La denuncia ante Sunafil es una vía disponible para los trabajadores que consideren vulnerados sus derechos, pero la calidad de la evidencia puede ser decisiva. Boletas, contratos, registros de asistencia, mensajes de asignación de turnos y constancias del descanso sustitutorio ayudan a establecer qué ocurrió. El trabajador debería revisar la boleta del período correspondiente y no limitarse a comparar el monto líquido recibido, porque los descuentos pueden ocultar la diferencia entre el pago bruto y el neto.
Para las empresas, la prevención más eficaz consiste en identificar con anticipación a quienes trabajarán, definir si habrá descanso sustitutorio, comunicarlo por escrito y verificar que la planilla refleje cada concepto. Para los trabajadores, conviene confirmar bajo qué régimen están contratados y pedir una explicación detallada si el pago no coincide con la jornada realizada. La fecha puede fortalecer la cultura de cumplimiento laboral, pero también revelar las debilidades de sectores donde los turnos y los pagos todavía se gestionan de manera informal.
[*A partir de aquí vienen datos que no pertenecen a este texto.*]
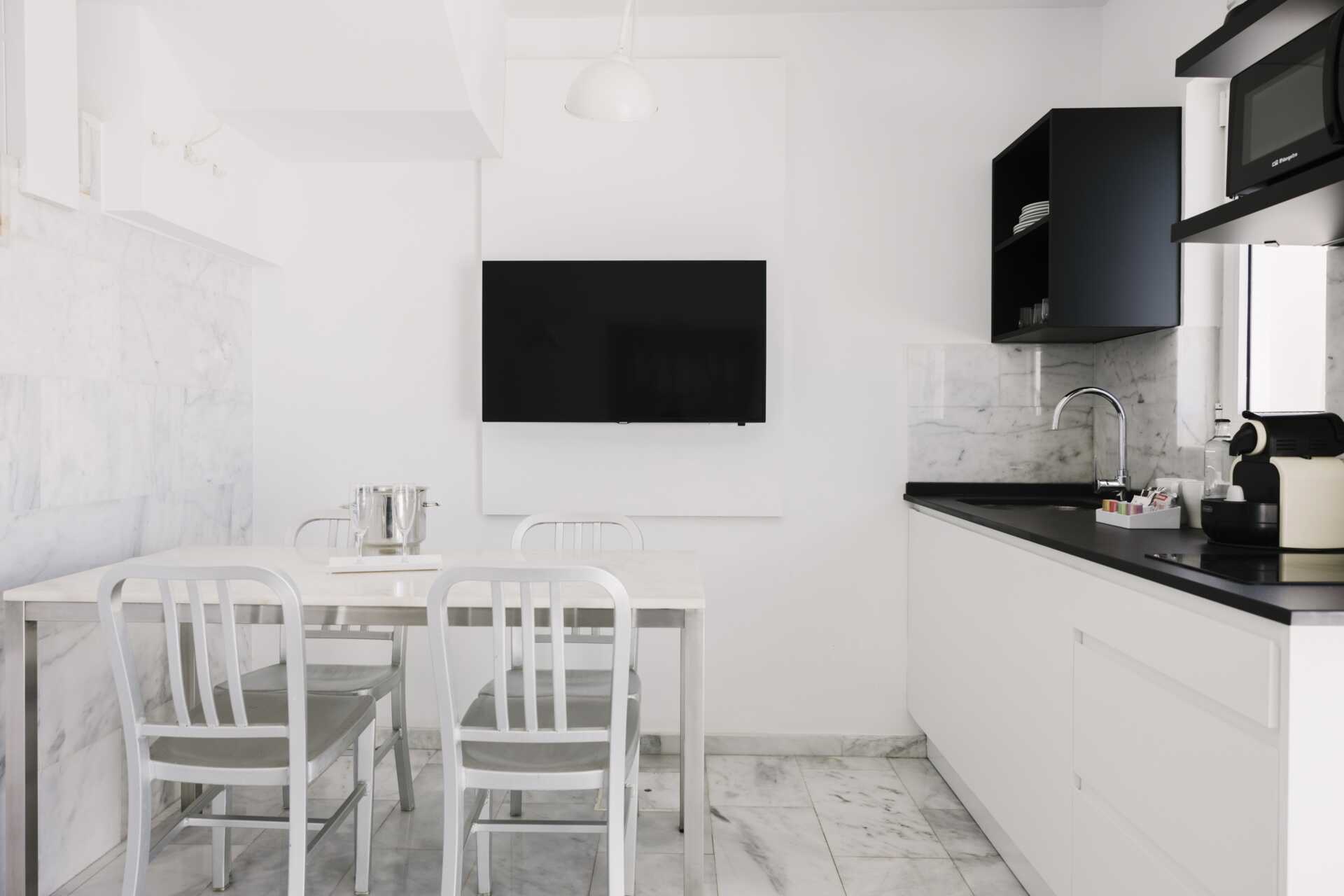 Tvårumslägenhet deluxe med balkong eller terrass och begränsad havsutsikt. Några lägenheter är i etage. Solsängar på uteplatsen och ett lugnt, soligt läge som är hotellets bästa. Sovrum och kombinerat vardagsrum med minikök. Två enkelsängar. Möjlighet till extrabädd i bäddsoffa. Minikök med kokplattor, kylskåp, kaffebryggare, brödrost, vattenkokare och enkel köksutrustning. Wifi och luftkonditionering ingår. Deponering mot avgift. Tv med internationella kanaler. Morgonrockar och tofflor. Hårtork. Badrum med dusch och wc. Städning 5 ggr/vecka.

El impacto final del feriado del 6 de agosto dependerá menos del anuncio del “pago triple” que de la forma en que se documenten las jornadas y se apliquen las excepciones. La norma ofrece una protección importante frente a la pérdida de ingresos, aunque no resuelve por sí sola las diferencias entre modalidades de contratación, actividades esenciales y esquemas de trabajo flexibles. La claridad en los acuerdos y la revisión de las boletas serán las principales herramientas para reducir conflictos durante una fecha que combina reconocimiento histórico, descanso nacional y obligaciones laborales concretas.